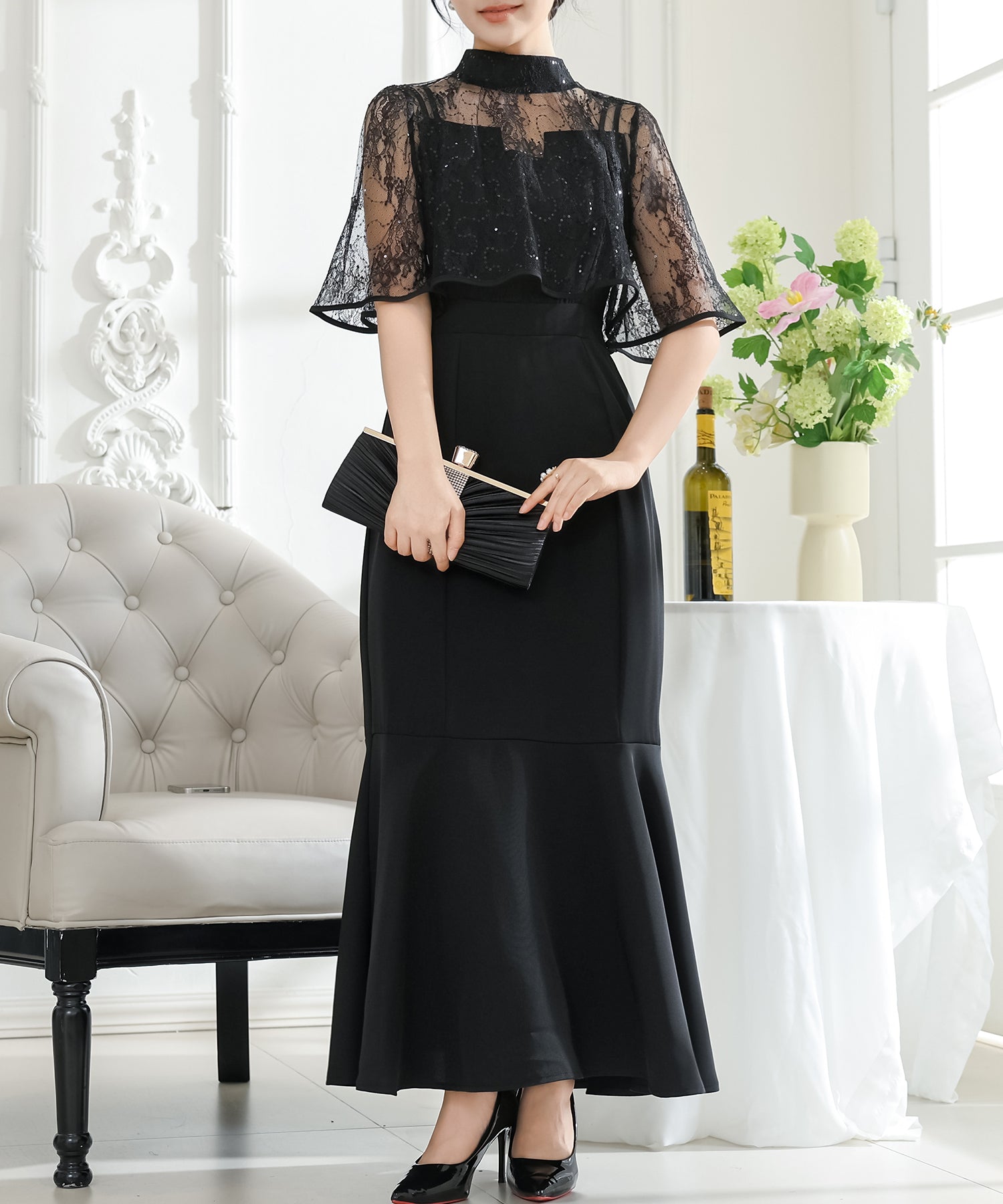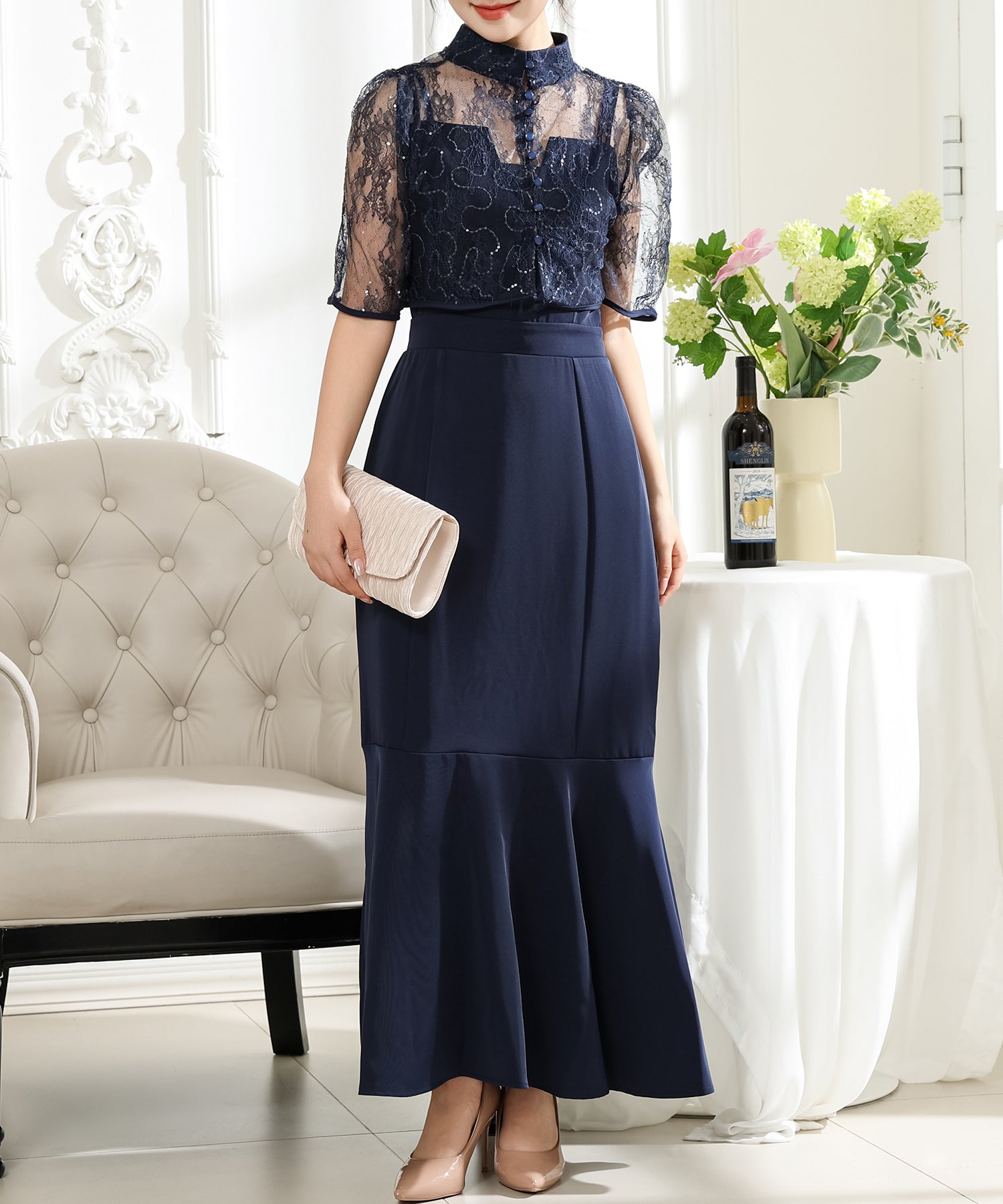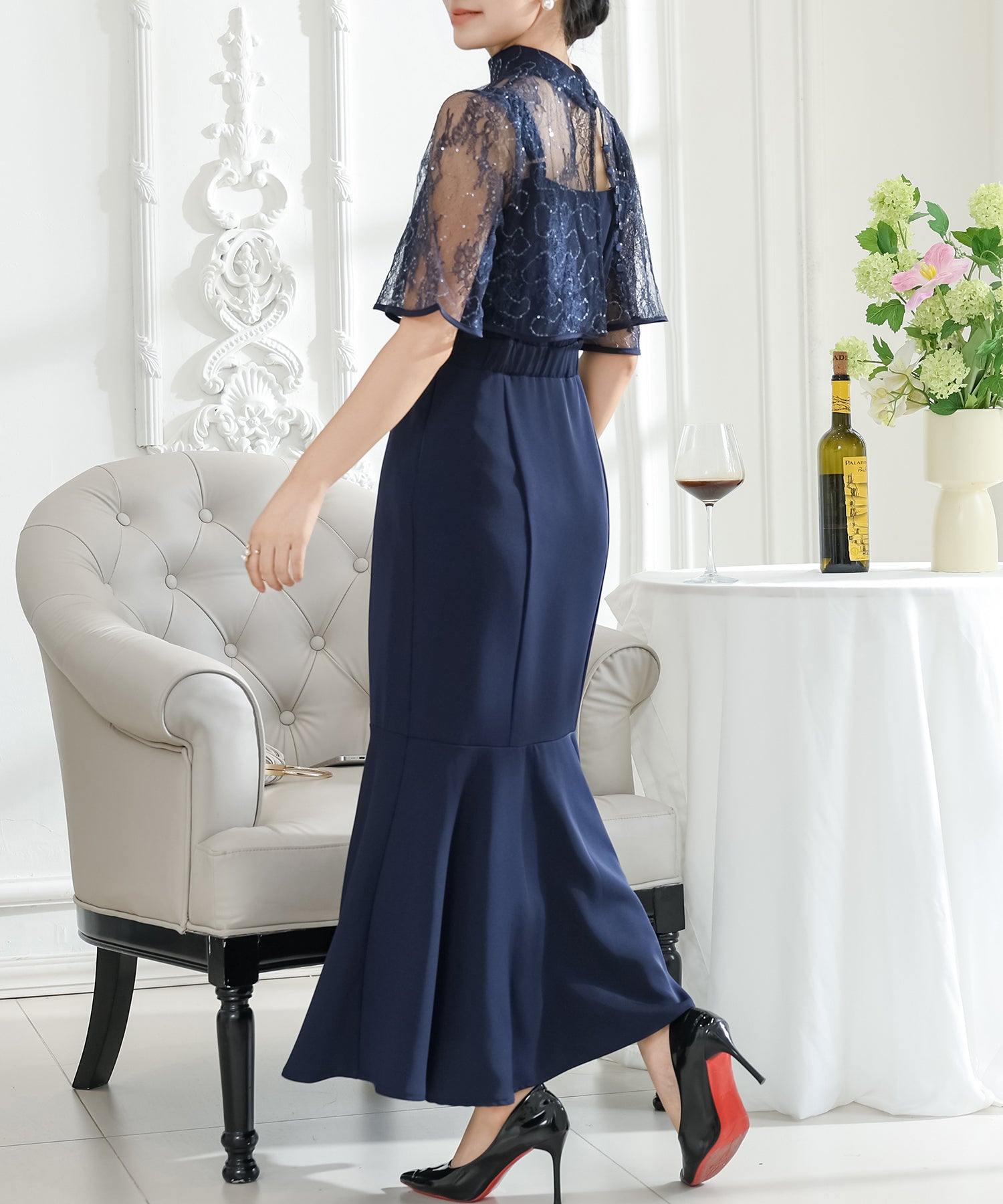 歩くたびにエレガントに揺れる、マーメイドスカートが印象的なワンピース。
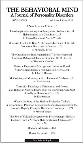 The Behavioral Mind: A Journal of Personality Disorders (Vol. 1, no. 1 Spring 2018) full version
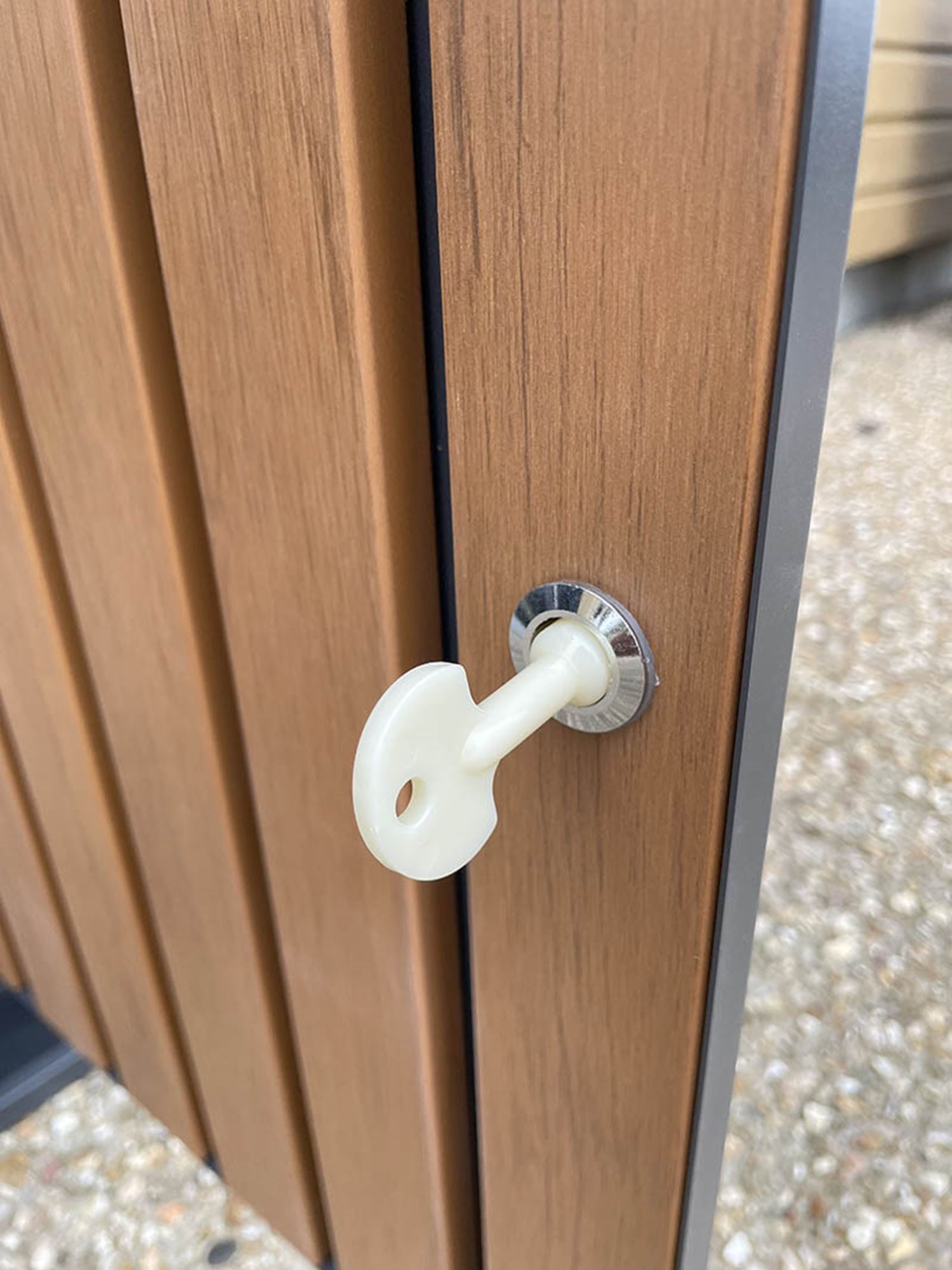 Fermeture par clef triangulaire pour sécuriser la poubelle.

********************

Exclude all images and return the listing word for word.

Result:
 歩くたびにエレガントに揺れる、マーメイドスカートが印象的なワンピース。
 The Behavioral Mind: A Journal of Personality Disorders (Vol. 1, no. 1 Spring 2018) full version
 Fermeture par clef triangulaire pour sécuriser la poubelle.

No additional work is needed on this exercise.